A very hypothetical
macrofamily of
languages. It links the following very, very
disparate groups:
- Sino-Tibetan, the huge language family that includes Chinese, Tibetan, Burmese, and many others from that part of the world.
- Na-Dene, which includes the Athabaskan languages of Canada and Alaska, together with Apache, Navajo, and Tlingit; this group has no known connexion to any other American languages.
- North-West Caucasian (also called Nakho-Daghestani), a group of several dozen in the Caucasus Mountains, of which Chechen is the only one with a familiar name.

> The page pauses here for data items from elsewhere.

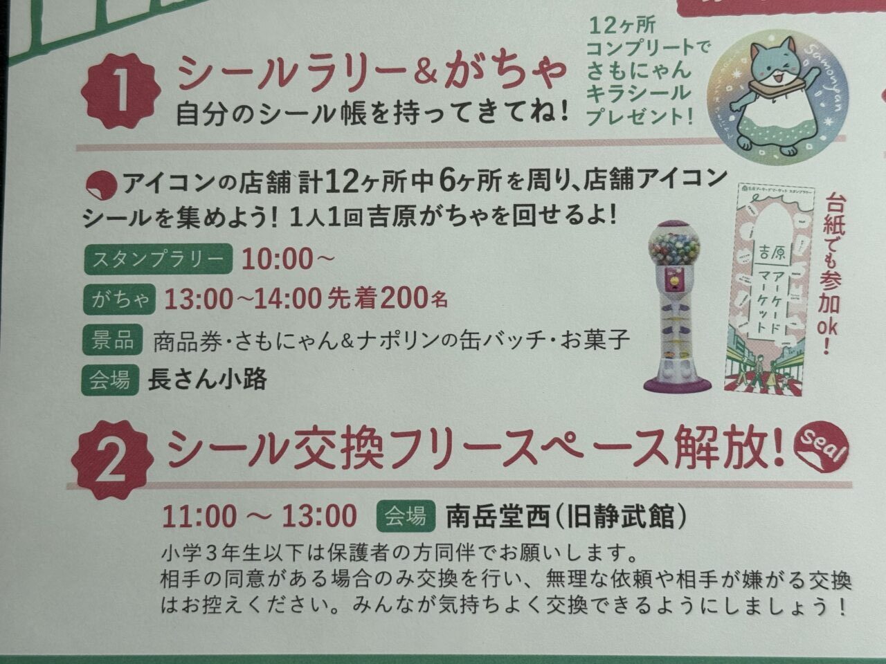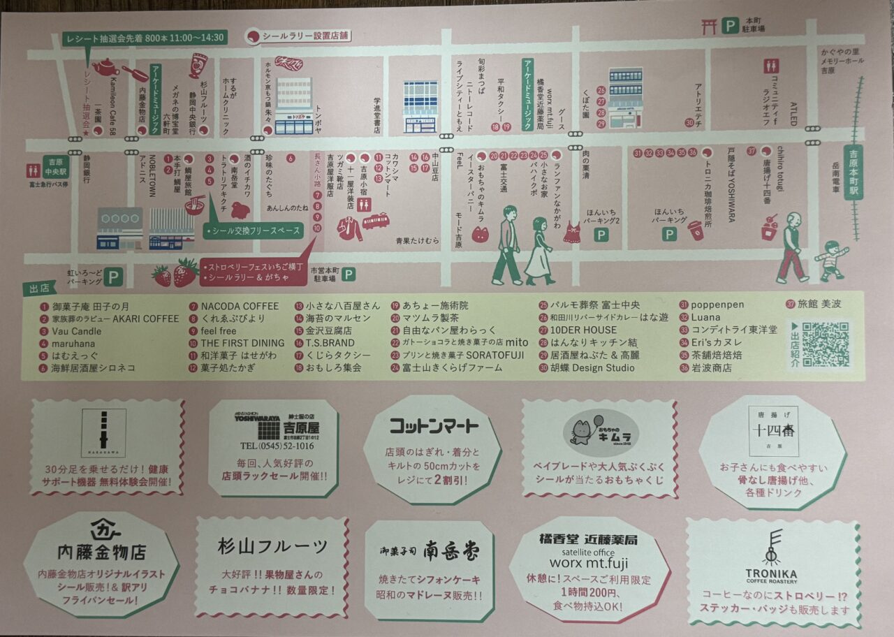 シールラリー対象店舗は12ヶ所あります。6ヶ所のスタンプを集めると1人1回「吉原がちゃ」を回せます。がちゃの会場は長さん小路です。13:00~14:00
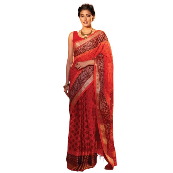 Red color printed & embroidered Aachol,Red color full body printed cotton Shari with, Red color coton printed blouse piece.
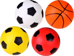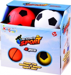 Drie ballen in voetbalstijl (wit, geel, rood) en één basketbal zorgen voor afwisseling in spel en training.
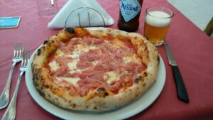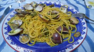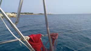 Wir starteten im Morgengrauen bei stark bewölktem Himmel und angenehmen Segelwind. In der Nähe zog ein Gewitter vorbei, welches aber anscheinend eine Runde drehte, denn plötzlich waren wir mitten drinnen. Zum Glück aber eher harmlos und keine Starkwindböen. Zwei Stunden später scheinte die Sonne und wir fuhren bei guten Bedingungen nach Westen zum Stiefelabsatz. Gegen 16.00 Uhr trafen wir im Hafen von Santa Maria di Leuca ein und gingen gleich nach der Hafeneinfahrt als erster Segler rechts längsseits. Bis zum Abend kamen noch ein paar dazu. Die Hafenpolizei muss dort nicht kontaktiert werden. Eigentlich wollten wir in dieser Ortschaft ein paar Lebensmittel einkaufen, doch es hatte alles geschlossen. Erst als wir zum Abendessen gingen fanden wir einen kleinen offenen Lebensmittelladen. Ein Geschäft welches alle italienischen Klischees erfüllte – ein sehr guter Einstieg um das echte Italien kennen zu lernen.
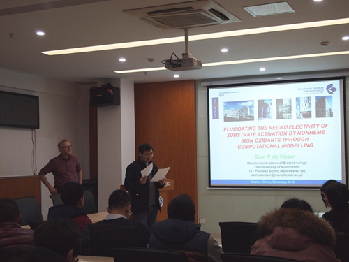 报告中,de Visser教授介绍了他在过渡金属蛋白酶及其非血红素仿生催化剂的构效关系及反应动力学方面的理论研究成果。报告后,de Visser教授参观了部分实验小组并就潜在的合作课题和相关老师进行了交流。
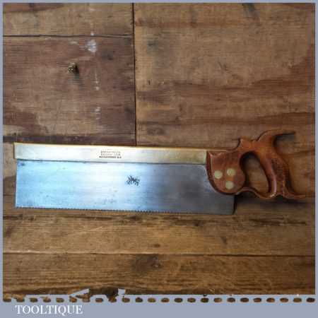 Vintage S. Tyzack & Son 14” brass back tenon saw with 10 tpi, fully refurbished and sharpened cross cut ready for use. Note: patch of pitting to one area of saw plate but nothing to affect the use or sharpening.
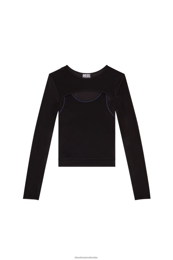 esta camiseta de manga larga para mujer parece estar superpuesta con una camiseta sin mangas. Corte delgado con paneles tonales de jersey elástico ligero, tiene un escote recortado y costuras en contraste. un logotipo 'oval d' bordado acentúa la parte posterior.
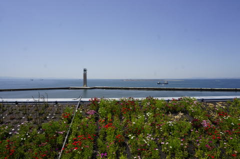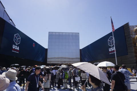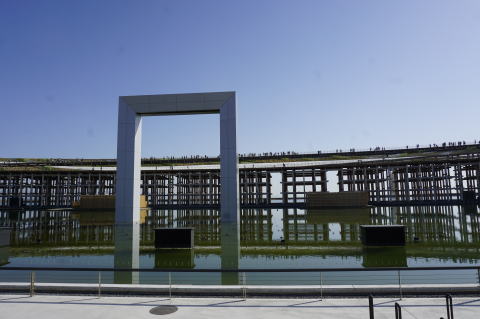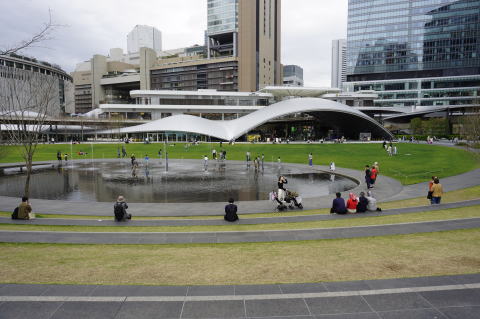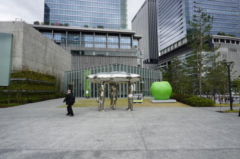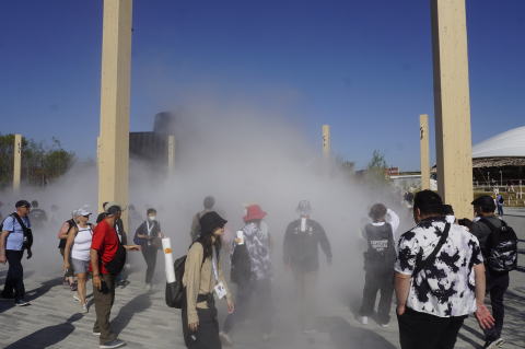 うだるような暑さの中、人口滝が流れている。
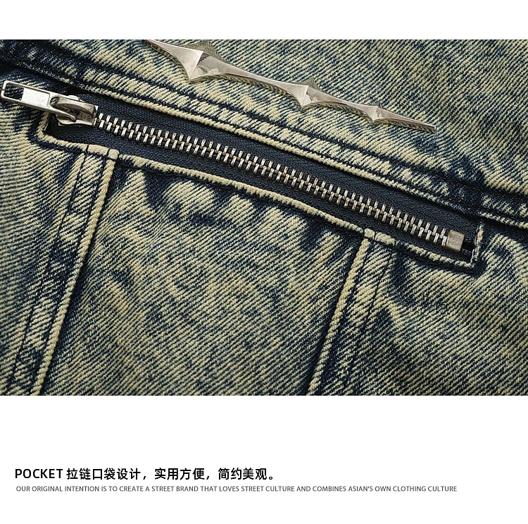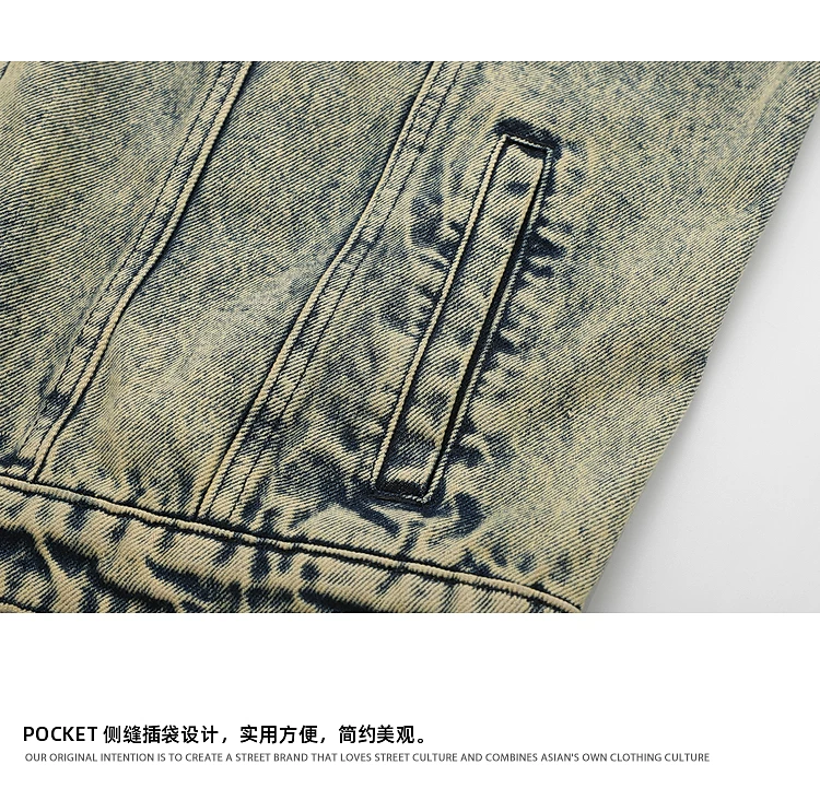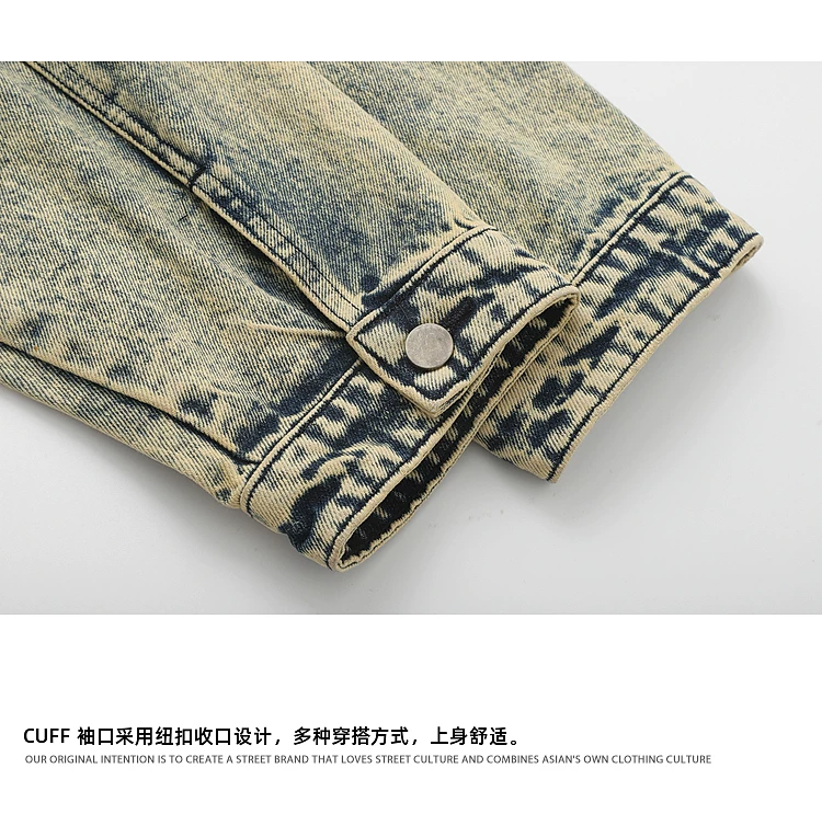 - Wukong có sẵn áo khoác denim ngắn kiểu Mỹ đã qua xử lý, có đệm vai dành cho nam, áo khoác biker thời thượng phong cách đường phố, áo khoác thiết kế phá cách.
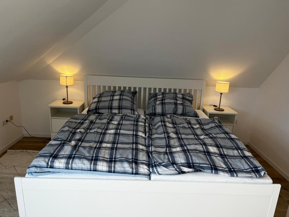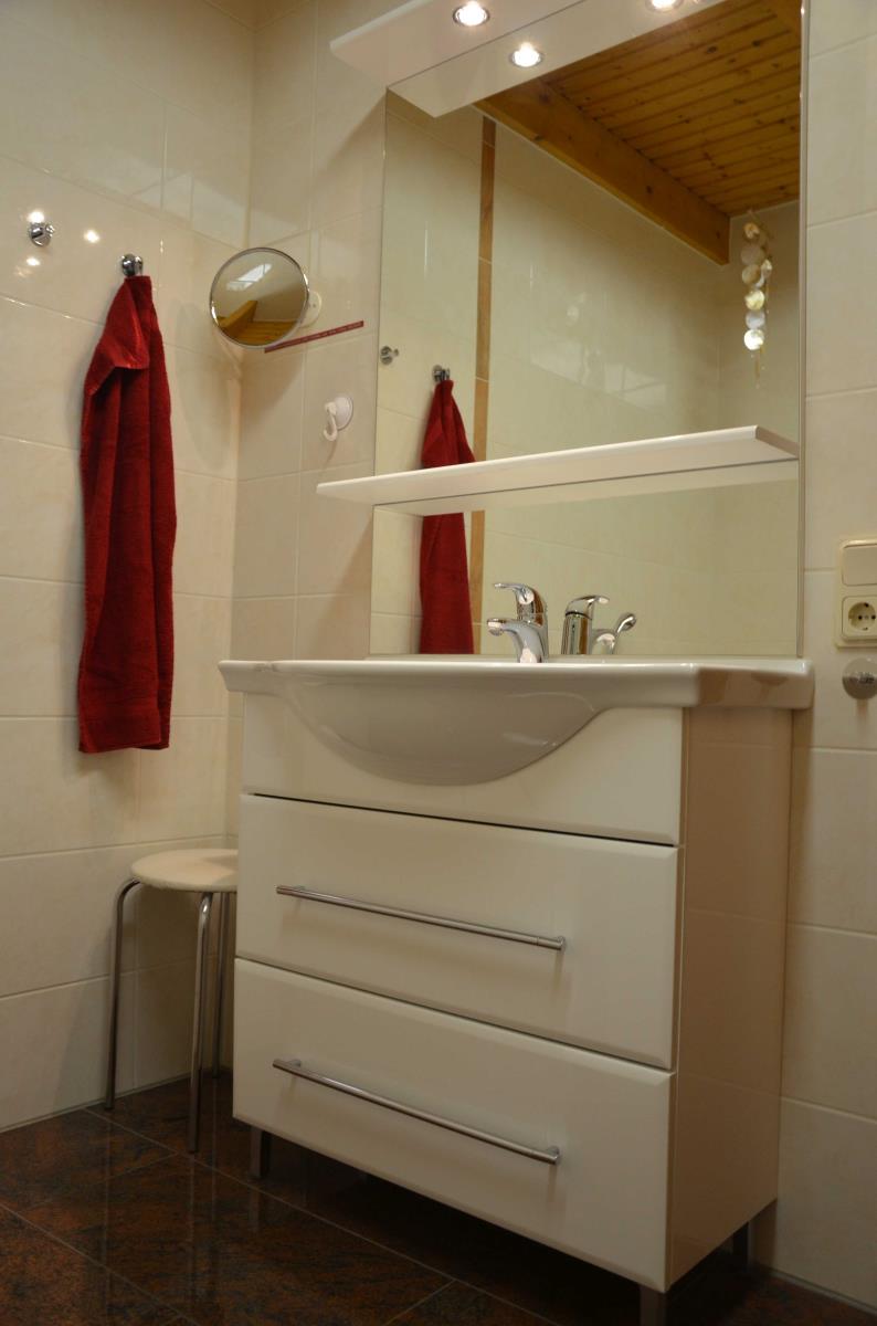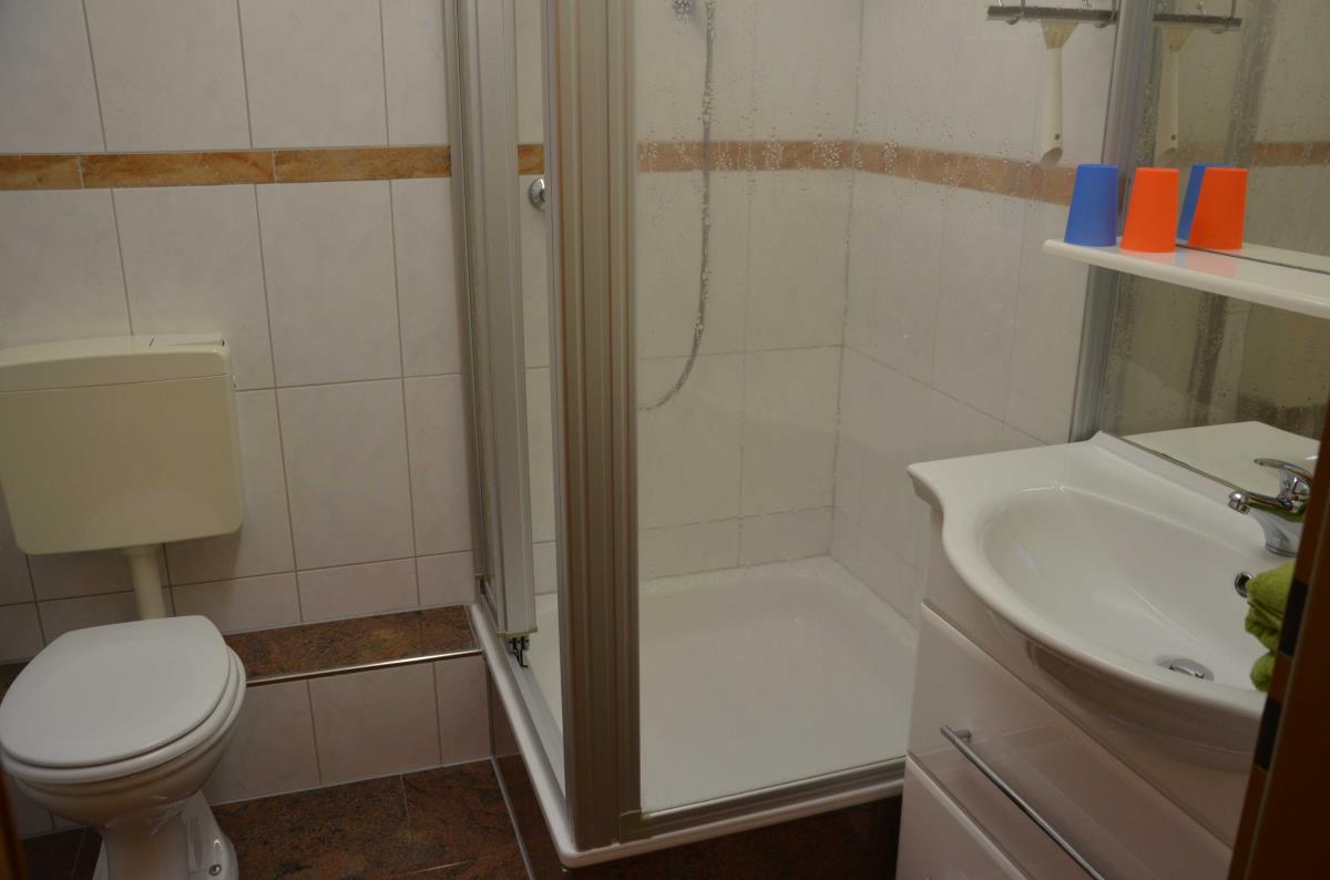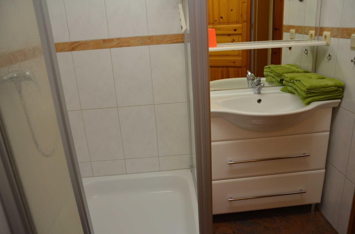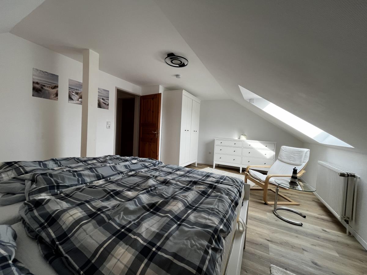 Obergeschoss: ein Schlafzimmer mit Doppelbett (2x 0,90x2,00) und 1 Kinderreisebett, sowie ein Bad mit Dusche und WC.
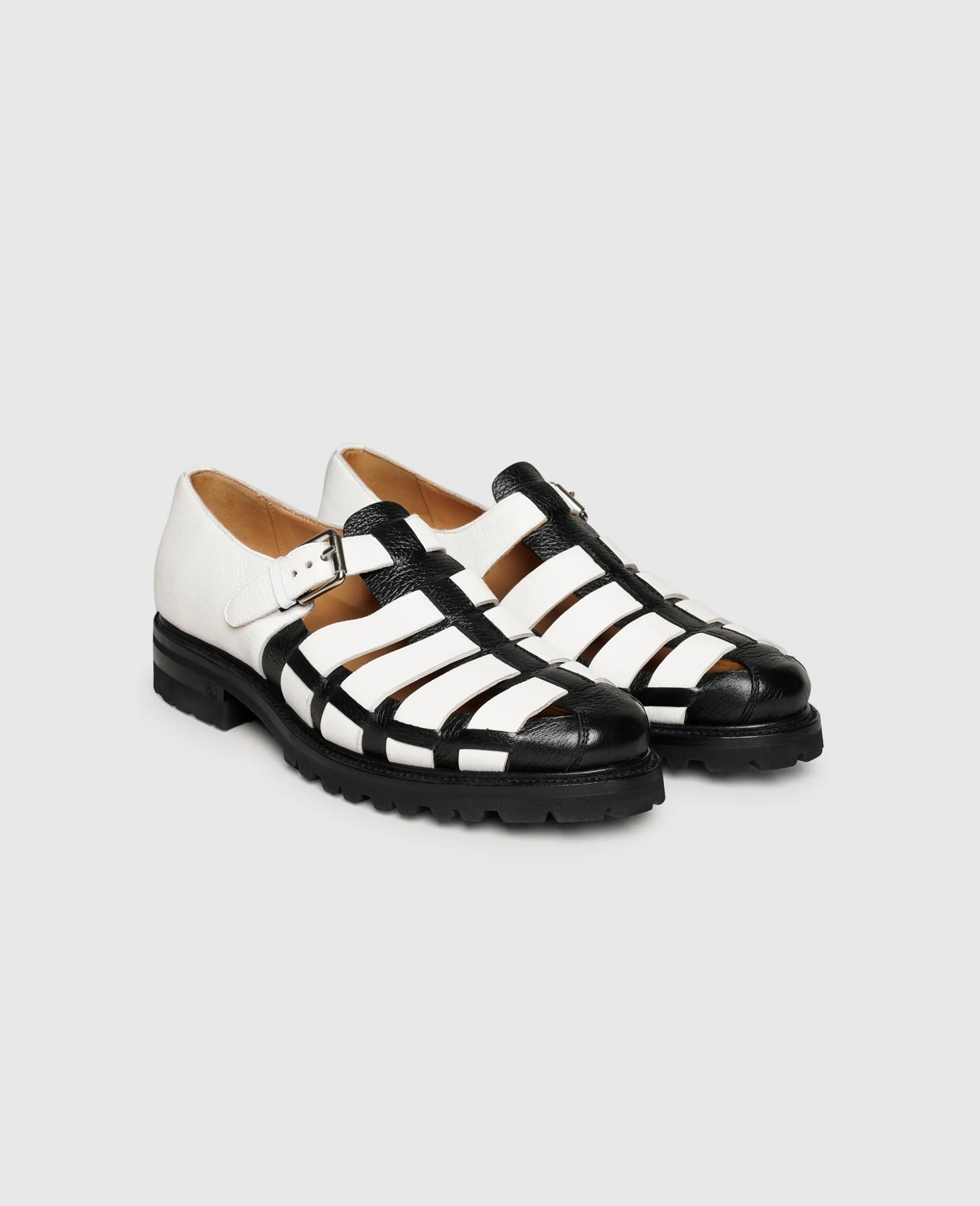 Diese rahmengenähten Sandalen von Henry Stevens sind die perfekte sommerliche Wahl für leichte und luftige Outfits. Im Schuhinneren des in Spanien handgefertigten Schuhs unterstützen das vegetabil gegerbte Innenfutter und das komfortable Fußbett aus Leder ein Tragegefühl auf höchstem Niveau. Das schwarz-weiße Herrenmodell wird durch Riemen aus glattem und weichem Hirschleder und einer Schnalle in der Weite reguliert. Durch die rutschfeste Laufsohle aus Gummi muss man auch bei langen Fußwegen nicht an Komfort einbüßen. Die Sandalen sorgen für die perfekte Abrundung Ihrer Freizeitlooks.

- North-East Caucasian (also called Abkhazo-Adyghean), a very small group nearby which might or might not ultimately be groupable with North-West Caucasian as North Caucasian, and which includes Abkhaz in Georgia.
- Basque, which is totally unlike anything else in Europe.
- Burushaski, the language of the central valley of Hunza in the Himalayas.
- The central Siberian language Yenisei.
Most linguists consider the evidence for Dene-Caucasian to be extremely tenuous and unconvincing. The isolates such as Basque have been separated from whatever relatives they once had for so long that it is now virtually impossible to reconstruct any relationship with others equally distant in time and space.
The groups of related words claimed to have been found usually only bear a tenuous phonetic and semantic link, no more than you would expect to get by chance. The supposed sound shifts needed to account for them are vague, unlikely with more solidly reconstructed families.
It might seem strange to connect Chinese, very poor in morphology, with the highly inflected Basque, but actually Chinese might not be representative of Proto-Sino-Tibetan, since Tibetan has a richly inflected verb-final auxiliary reminiscent of that of Basque.